I went to London last week for a celebration with friends. Our joint 160th birthday – quite something, we thought, as we munched on red lentil, pepper and olive burgers at Mildred’s in Soho and kept our eyes peeled for Olympic athletes on the razzle.
To get there, I meandered along Regent Street, sans kids, and found myself stopping not just to peer at leisure into shop windows, but to take photos – something I wouldn’t have dreamt of doing 15 years ago, when I used to charge along this famous street at a furious pace, my eyes fixed firmly on the pavement, to get to work. (“Look up”, I now always say to friends visiting London – I missed so much by hurrying.)

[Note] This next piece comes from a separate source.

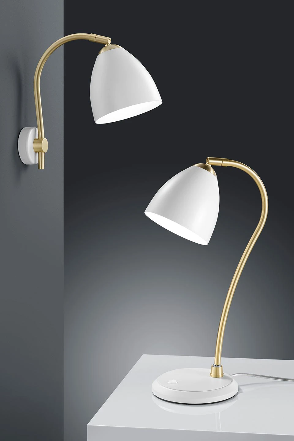 Un très beau travail et un design classique pour cette lampe de table blanche et laiton satiné. Elle se compose d’une tige courbe en métal doré et d’un diffuseur laqué blanc mat. Celui-ci est inclinable et en forme de tulipe et présente un intérieur blanc. Son socle rond, également en laiton mat blanc, est muni d’un interrupteur. Le fil d’alimentation électrique est blanc. Ce luminaire, fabriqué dans les ateliers Baulmann Leuchten en Allemagne bénéficie d’une réalisation très soignée. Orientable à votre guise, il assurera un éclairage parfait dans votre intérieur et conviendra à tout style. Existe également en laiton mat noir sous la référence 16010107.

This time, looking up was never in any doubt. The street is bedecked with flags, row upon row of them draped the whole way along the road. Fluttering above the hustle and bustle of the throngs of shoppers.
I think anyone who has seen London on the TV over the past two weeks will agree: the city looked wonderful. It’s like they sacked the team that went round dabbing at monuments with a jade cloth and hired the world’s best stylists to preen the capital and fluff up the parks.In place of the mildly pushy people you so often come across in London, we’ve seen thousands of volunteers on the streets, who worked so hard for the duration of the Olympics and won it the accolade of The Friendly Games. So marked was the shift in the usually reserved national mood that the impossible was achieved: Londoners even started talking to one another on the tube.
All so different from a year ago, when we watched teenagers forming queues to pillage clothes shops and DH and I sat in a pub and wondered if rioters might actually burst in.
Who would have guessed the weather would even co-operate: after the wettest period since Noah’s Ark, the sun shone – and London is now, rightly so, basking in the golden glow of its two-week success story.